# Storing training data on disk via Zarr

First we need some imports.

In [1]:
%load_ext autoreload
%autoreload 2

In [2]:
import numpy as np
from scipy import stats
import pylab as plt
import torch
import torchist
import swyft

## Training data

Now we generate training data.  As simple example, we consider the model

$$
x = z + \epsilon
$$

where the parameter $z \sim \mathcal{N}(\mu = 0, \sigma = 1)$ is standard normal distributed, and $\epsilon \sim \mathcal{N}(\mu = 0, \sigma = 0.1)$ is a small noise contribution.  We are interested in the posterior of $z$ given a measurement of parameter $x$.

In [4]:
class Simulator(swyft.Simulator):
    def __init__(self):
        super().__init__()
        self.transform_samples = swyft.to_numpy32

    def forward(self, trace):
        z = trace.sample('z', lambda: np.random.rand(1))
        x = trace.sample('x', lambda z: z + np.random.randn(1)*0.1, z)
        
sim = Simulator()
shapes, dtypes = sim.get_shapes_and_dtypes()

In [8]:
store = swyft.ZarrStore("./zarr_store")
store.init(10000, 64, shapes, dtypes)

<swyft.lightning.stores.ZarrStore at 0x14ea66fb6c40>

In [9]:
store.simulate(sim, batch_size = 1000)  # This function can be run in parallel in many threads

100%|██████████| 1000/1000 [00:00<00:00, 49457.63it/s]
100%|██████████| 1000/1000 [00:00<00:00, 47723.83it/s]
100%|██████████| 1000/1000 [00:00<00:00, 43627.95it/s]
100%|██████████| 1000/1000 [00:00<00:00, 32552.85it/s]
100%|██████████| 1000/1000 [00:00<00:00, 44971.90it/s]
100%|██████████| 1000/1000 [00:00<00:00, 50843.75it/s]
100%|██████████| 1000/1000 [00:00<00:00, 33880.50it/s]
100%|██████████| 1000/1000 [00:00<00:00, 48008.97it/s]
100%|██████████| 1000/1000 [00:00<00:00, 46181.08it/s]
100%|██████████| 1000/1000 [00:00<00:00, 40057.15it/s]


In [10]:
class Network(swyft.SwyftModule):
    def __init__(self):
        super().__init__()
        self.logratios = swyft.LogRatioEstimator_1dim(num_features = 1, num_params = 1, varnames = 'z')
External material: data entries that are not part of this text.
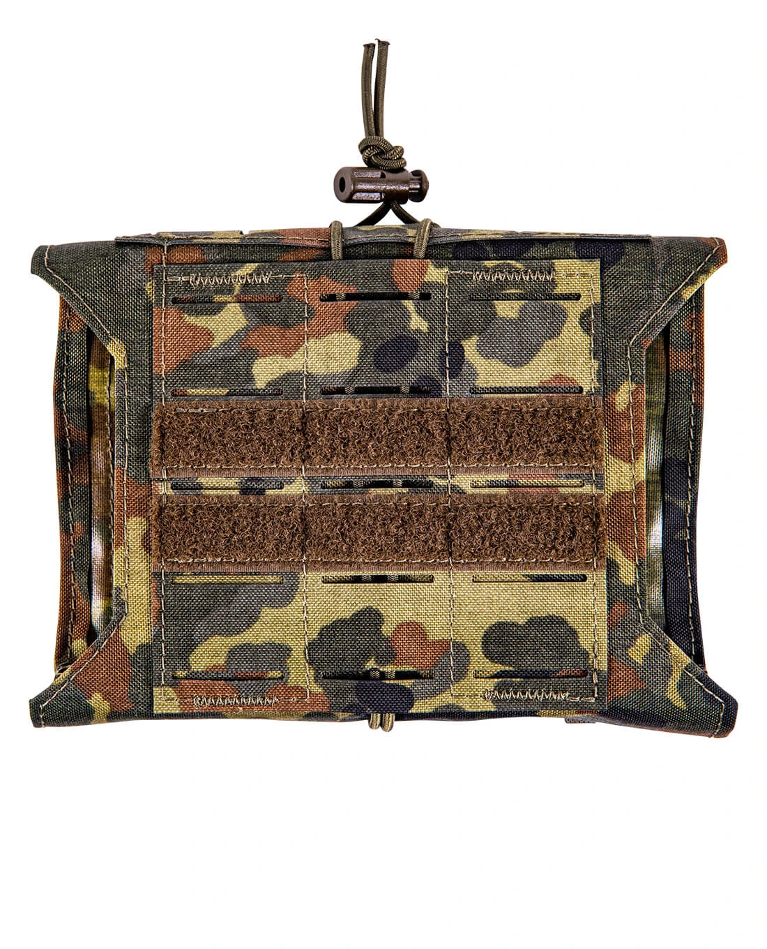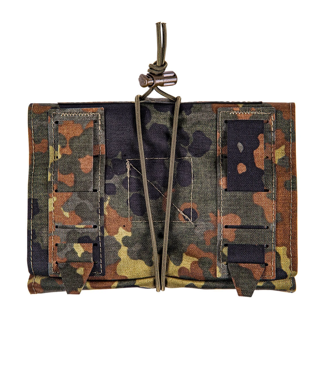 Auf Ober- und Vorderseite finden sich M.O.L.L.E.-Schlaufen im Lasercut Design. Hakenklett auf der Innenseite sorgt für sicheren Halt und optimale Fixierung in Kombination mit der Trauma IFAK Innentasche. Über einen umlaufenden Gummizug lässt sich der Zugwiderstand individuell einstellen und eine 10 x 5 cm große Flauschklettfläche erlaubt das unkomplizierte Anbringen von Kennzeichnungen und Medic Patches.
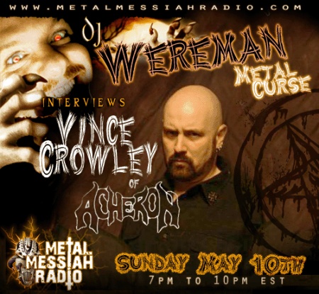 May 9, 2009ACHERON founder Vincent Crowley will guest on "Metal Messiah Radio" this Sunday, May 10 between 7:00 p.m. EST and 10:00 p.m. EST.
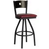 Complete your contemporary dining area with this BFM Seating 2152SCHW-CHSB Darby sand black metal bar height chair with cherry wooden back and swivel seat! Not only does it feature a contoured seat for unmatched comfort and a swivel design that allows patrons to easily turn in their chairs and socialize with other guests, it also has a wooden backrest with a cut-circle design that is sure to add a simple yet modern touch to your restaurant, bistro, cafe, or catered event. Plus, the backrest and seat both have a professional, cherry finish that’s perfect for any restaurant theme or atmosphere. Constructed with a sand black metal frame, this bar height chair boasts a convenient footrest to reduce the pressure on customers’ legs and lower backs and promote optimum relaxation. Its legs are connected with a support for additional stability and are capped with plastic glides to protect floors from scuff marks. The glides are also designed to slide smoothly and quietly, helping keep unwanted noise to a minimum. Add this sturdy, stylish chair to your indoor bar or high table tops and ensure guests can comfortably enjoy your signature drinks, appetizers, entrees, and desserts! Overall Dimensions: Height: 42 1/2″ Seat Width: 17 1/2″ Seat Depth: 16 1/2″ Seat Height: 30″ Capacity: 250 lb.
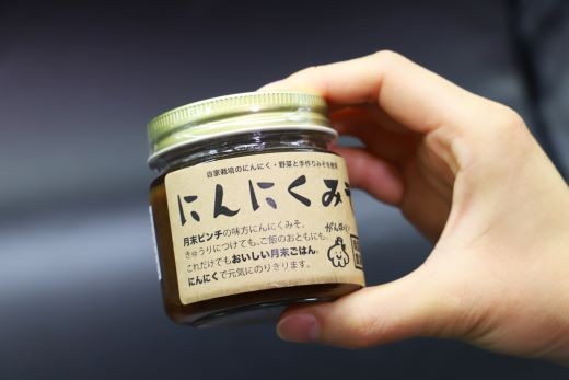 ■にんにくみそ:米(高知県産)、砂糖、にんにく、玉葱、酒、大豆、植物油、食塩
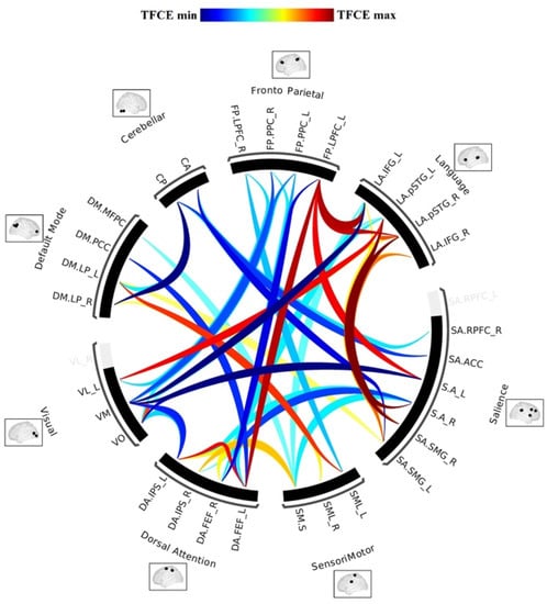 Single-subject and group rest-fMRI analysis for the commonly used functional networks, can be performed and graphically displayed as a circular graph named “connectome” (Figure 2) [5,47].
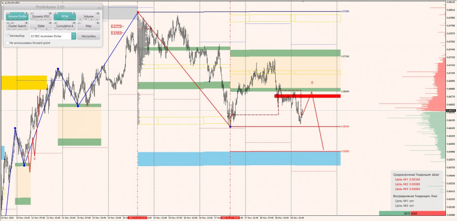 Среднесрочная тенденция: в шорт. Максимальное скопление объемов среднесрочной тенденции расположено в диапазоне по котировкам 0.67683-0.67773. В настоящий момент по паре совершаются инвестиционные операции ниже, указывая на силу продавцов.

    def forward(self, A, B):
        logratios = self.logratios(A['x'], B['z'])
        return logratios

## Trainer

Training is now done using the `SwyftTrainer` class, which extends `pytorch_lightning.Trainer` by methods like `infer` (see below).

In [12]:
trainer = swyft.SwyftTrainer(accelerator = 'gpu', devices=1, max_epochs = 2, precision = 64)

GPU available: True (cuda), used: True
TPU available: False, using: 0 TPU cores
IPU available: False, using: 0 IPUs
HPU available: False, using: 0 HPUs


The `swyft.Samples` class provides convenience functions to generate data loaders for training and validation data.

In [16]:
dl_train = store.get_dataloader(batch_size = 64, idx_range = [0, 9500])
dl_valid = store.get_dataloader(batch_size = 64, idx_range = [9500, 10000])

In [17]:
network = Network()

In [18]:
trainer.fit(network, dl_train, dl_valid)

  rank_zero_warn(f"Checkpoint directory {dirpath} exists and is not empty.")
LOCAL_RANK: 0 - CUDA_VISIBLE_DEVICES: [0]

  | Name      | Type                   | Params
-----------------------------------------------------
0 | logratios | LogRatioEstimator_1dim | 17.4 K
-----------------------------------------------------
17.4 K    Trainable params
0         Non-trainable params
17.4 K    Total params
0.139     Total estimated model params size (MB)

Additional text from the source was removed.